A suo parere la riforma delle intercettazioni è un danno irreparabile per chi indaga, ma soprattutto per le vittime di reati anche gravissimi, come l’omicidio o il femminicidio, che rischiano di non avere giustizia. Sarà anche d’intralcio alle indagini connesse alla criminalità organizzata, visto che per tutti i reati spia, quelli che portano all’individuazione dei reati commessi dalle mafie, non si potrà intercettare oltre 45 giorni. Insomma, altro che sicurezza per i cittadini e le cittadine.


Secondo le nuove norme, durante le indagini si potranno intercettare presunti colpevoli solo per 45 giorni. In casi eccezionali sarà possibile ottenere deroghe e sono esonerate da questi obblighi le inchieste su criminalità organizzata e terrorismo. Che cosa significa questo per i reati ordinari?

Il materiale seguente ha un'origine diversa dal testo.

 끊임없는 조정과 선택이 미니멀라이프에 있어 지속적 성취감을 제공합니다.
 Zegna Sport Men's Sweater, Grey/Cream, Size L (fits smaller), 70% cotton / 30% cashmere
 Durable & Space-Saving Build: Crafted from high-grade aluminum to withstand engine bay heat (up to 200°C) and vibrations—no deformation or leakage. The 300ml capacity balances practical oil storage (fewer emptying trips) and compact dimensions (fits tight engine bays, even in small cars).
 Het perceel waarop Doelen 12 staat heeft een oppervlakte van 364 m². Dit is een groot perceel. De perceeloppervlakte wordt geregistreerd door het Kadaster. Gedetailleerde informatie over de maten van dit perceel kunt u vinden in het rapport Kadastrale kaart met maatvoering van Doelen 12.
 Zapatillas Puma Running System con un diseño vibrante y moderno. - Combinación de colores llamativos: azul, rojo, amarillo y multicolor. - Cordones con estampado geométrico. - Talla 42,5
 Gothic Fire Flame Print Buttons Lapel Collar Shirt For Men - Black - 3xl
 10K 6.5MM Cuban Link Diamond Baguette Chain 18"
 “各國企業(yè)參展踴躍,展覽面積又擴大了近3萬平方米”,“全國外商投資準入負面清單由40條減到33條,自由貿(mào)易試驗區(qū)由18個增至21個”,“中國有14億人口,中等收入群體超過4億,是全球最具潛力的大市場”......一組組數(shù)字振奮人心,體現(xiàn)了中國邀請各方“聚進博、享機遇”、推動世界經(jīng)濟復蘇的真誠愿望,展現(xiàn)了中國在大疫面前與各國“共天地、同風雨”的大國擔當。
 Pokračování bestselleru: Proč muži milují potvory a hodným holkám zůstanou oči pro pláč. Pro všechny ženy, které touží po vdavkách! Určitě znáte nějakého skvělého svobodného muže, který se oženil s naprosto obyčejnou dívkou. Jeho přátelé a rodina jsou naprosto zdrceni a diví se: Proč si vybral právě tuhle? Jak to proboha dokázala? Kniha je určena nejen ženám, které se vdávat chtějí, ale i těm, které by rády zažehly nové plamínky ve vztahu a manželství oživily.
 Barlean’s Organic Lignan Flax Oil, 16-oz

Questa nuova normativa renderà molto, molto, molto, e lo dico tre volte, più complicata l'attività dei pubblici ministeri nella ricerca degli autori di reato. Sono esclusi da questa normativa solo i reati commessi dalla criminalità organizzata e terrorismo, ma non i reati ordinari. Quindi, solo 45 giorni di intercettazioni per omicidi, spaccio di sostanze stupefacenti anche di ingente quantità, usura – un reato odioso –, violenza sessuale anche di gruppo, delitti “spia” dei femminicidi (maltrattamenti e stalking). In sostanza per indagare su tutti i reati che non sono di criminalità organizzata o equiparati, avremo un limite tassativo alle intercettazioni, salvo casi eccezionali. Questo significa che indagheremo meno, saranno scoperti meno autori di reato, le vittime saranno meno protette. Per intercettare avremo 15 giorni e poi solo due proroghe di altri 15, per un totale di 45 giorni. Si dice: “ma sono possibili ulteriori proroghe”, ma non si dice che è previsto un procedimento farraginoso e denso di insidie per il prosieguo. Questa la norma: “La deroga è possibile se risulta l'assoluta indispensabilità delle operazioni per una durata superiore che sia giustificata dall'emergere di elementi specifici e concreti che devono essere oggetto di espressa motivazione”. Dunque, casi eccezionali e con una specifica motivazione del giudice, e la verifica dell’eccezionalità e della congrua motivazione sarà oggetto di controllo in tutte le fasi successive del processo: Tribunale, Corte d'appello e perfino Cassazione che, a distanza di anni, potranno ritenere questa motivazione non congruente con l’effetto di azzerare le intercettazioni di cui non si potrà tenere alcun conto, anche se vi è la prova di un omicidio, di una violenza sessuale eccetera. Insomma, ripeto, si tratta di un danno irreparabile all'attività di indagine e alla tutela delle persone offese dal reato.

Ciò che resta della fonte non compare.